The call, accompanying a first report by the investigators, amounts to some of the strongest language yet from UN officials who have denounced alleged human rights violations in Myanmar since a bloody crackdown began last August.
The three-member "fact-finding mission" working under a mandate from the UN-backed Human Rights Council meticulously assembled hundreds of accounts by expatriate Rohingya, satellite footage and other information to assemble the report.
The UN-backed Human Rights Council created the mission six months before a rebel attack on security posts set off the crackdown that drove hundreds of thousands of Rohingya fleeing to neighbouring Bangladesh.
Through hundreds of interviews with expatriate Rohingya and use of satellite footage, the team compiled accounts of crimes including gang rape, the torching of hundreds of villages, enslavement, and killings of children some before their eyes of their own parents.
The team was not granted access to Myanmar and has decried a lack of cooperation or even response from the government, which received an early copy of the report.
The team cited a "conservative" estimate that some 10,000 people were killed in the violence, but outside investigators have had no access to the affected regions making a precise accounting elusive, if not impossible.
Above all, the investigators said the situation in Myanmar should be referred to the International Criminal Court, and if not, to a special tribunal. Last week, Myanmar's government rejected any cooperation with the ICC, to which it is not a party. China, a permanent member of the UN Security Council with veto power over whether the issue will be brought before the ICC, has been reticent about condemning Myanmar's government during the crisis.

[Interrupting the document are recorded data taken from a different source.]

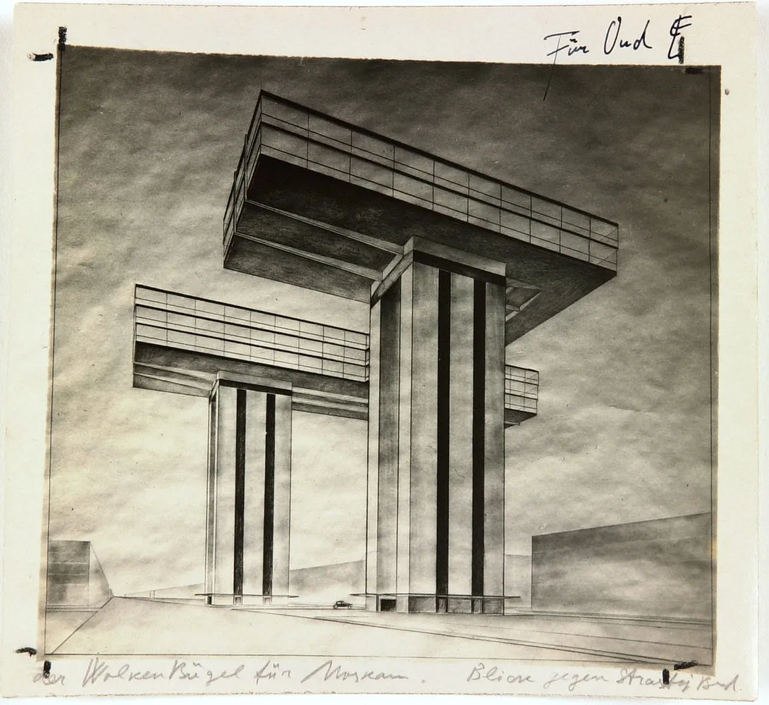 1923年,艺术家和建筑师拉扎尔·利西茨基为莫斯科提出了前所未有的“水平摩天大楼”。大型水平放置的行政大楼应被支撑在三腿结构上,高度达50米,内部设置电梯和楼梯间。通过两条腿,机构员工可以直接到达地铁站;第三条腿底部设置电车停靠站。利西茨基建议在大道与放射状街道交汇处(红场、尼基茨基门等)设置水平摩天大楼。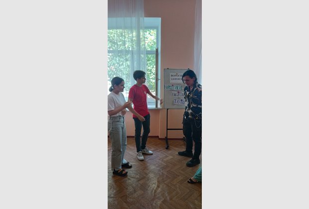 Колективне створення притчі, присвяченої всім, хто піддається таким спокусам, як наркотики, тютюн, алкоголь активізувало гарний настрій, викликало яскраві та щасливі посмішки учасників тренінгу.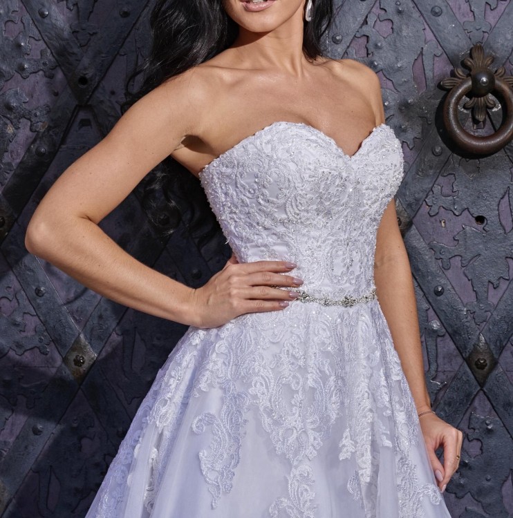 Suknia rozkloszowana, wyszywana koronką i kryształkami. Delikatny srebrny pasek pięknie podkreśla talie.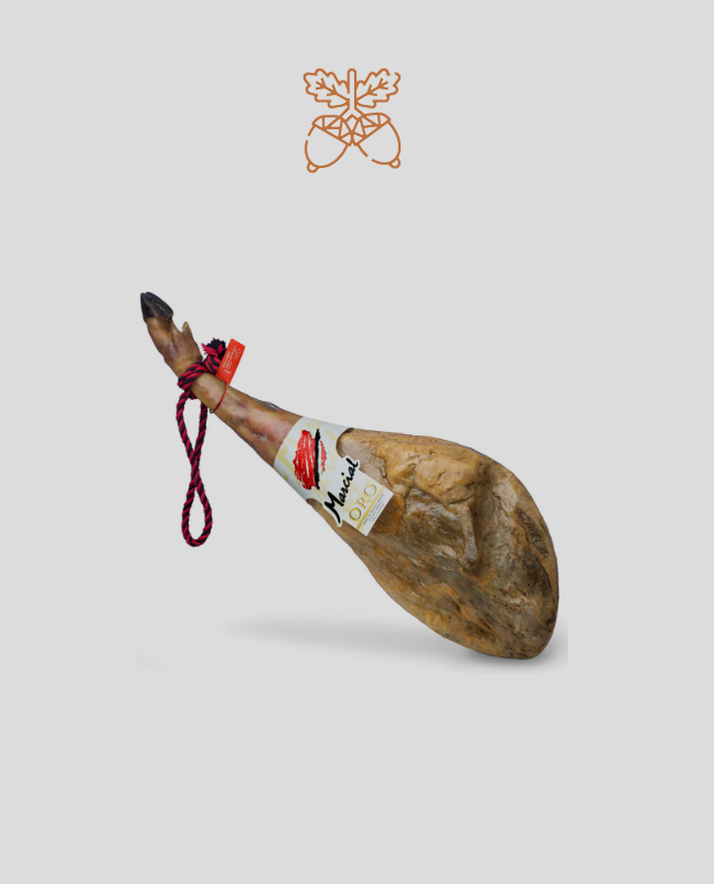 El jamón de bellota con, al menos, un 75% de raza ibérica es la etiqueta roja de Marcial, un pieza selecta, con sabor y aroma únicos. Cerdos alimentados a base de bellota, criados libremente en la dehesa y con una curación de entre 24 y 48 meses que aporta un sabor único.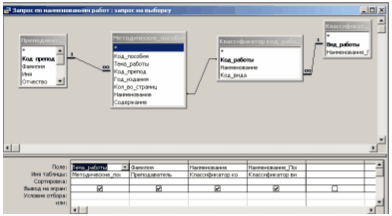 SELECTМетодические_пособия.Тема_работы, Преподаватель.Фамилия, [Классификатор код_работы].Наименование, [Классификатор вид работ].Наименование_Пособия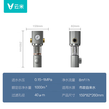 云米(VIOMI)前置过滤器自营家用自来水过滤器冲洗免换滤芯8T/h大流量中央管道自来水过滤 前置过滤器VF4-A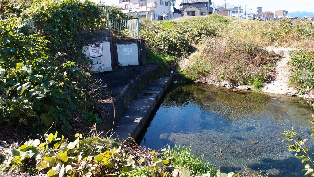 「昔、弘法大師が諸国を巡歴してここに通りかかったとき、大師は永い行脚の疲れでのどの渇きを覚えていた。川のほとりに茅葺の家が一軒あったので、大師はそこに立ち寄り水をもらおうとしたが、この家に住む老婆は「夏は水汲みが苦労だから安々と飲ませるわけにはいかない。」と言って一杯の水さえ与えようとしなかった。仕方なく大師は川に降り喉を潤し、何事か呟いて何処へか立ち去った。その後、川の水は大師が下りたところから上下二、三町の間地面を潜って流れるようになったという。」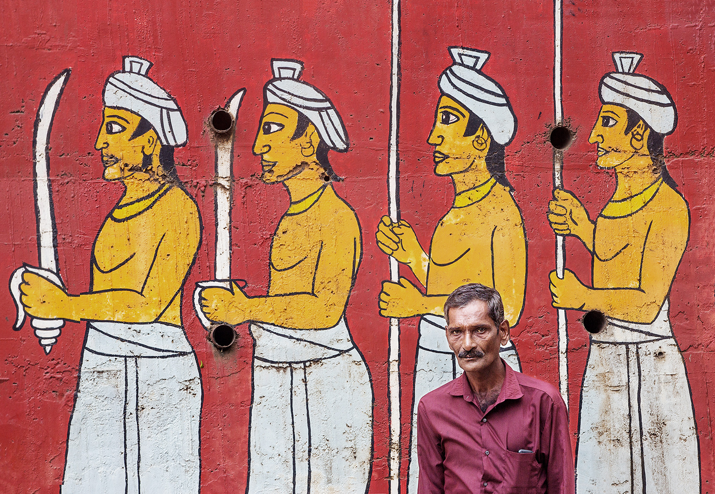 He ampliado y la imagen gana una barbaridad mirándola a buen tamaño. Me gusta como el personaje se integra, casi se mimetiza, con la pintura de la pared.

UN officials and human rights watchers have for months pointed to evidence of genocide in Myanmar, and the United States late last year said that "ethnic cleansing" was occurring in Myanmar. But few experts have studied the issue as in-depth and in such an official way as the fact-finding team, with a mandate from a body that has Myanmar's approval: The country is among the 47 members of the Human Rights Council.
The United Nations does not apply the word "genocide" lightly. The fact-finding team's assessment suggests the crimes against the Rohingya could meet the strict legal definition which was last met over crimes in Bosnia and Rwanda nearly a quarter-century ago.
Human rights watchers say determining "genocidal intent" is perhaps the most difficult criteria to meet: In essence, it's the task of assessing the mindsets of perpetrators to determine if ethnicity, race, religion or another attribute had motivated them.
"The crimes in Rakhine state, and the manner in which they were perpetrated, are similar in nature, gravity and scope to those that have allowed genocidal intent to be established in other contexts," the report said, alluding to a region of Myanmar that is home for many Rohingya.
Adding into their assessment: The extreme brutality of the crimes; "hate rhetoric" and specific speech by perpetrators and military commanders; policies of exclusion against Rohingya people; an "oppressive context;" and the "level of organization indicating a plan for destruction."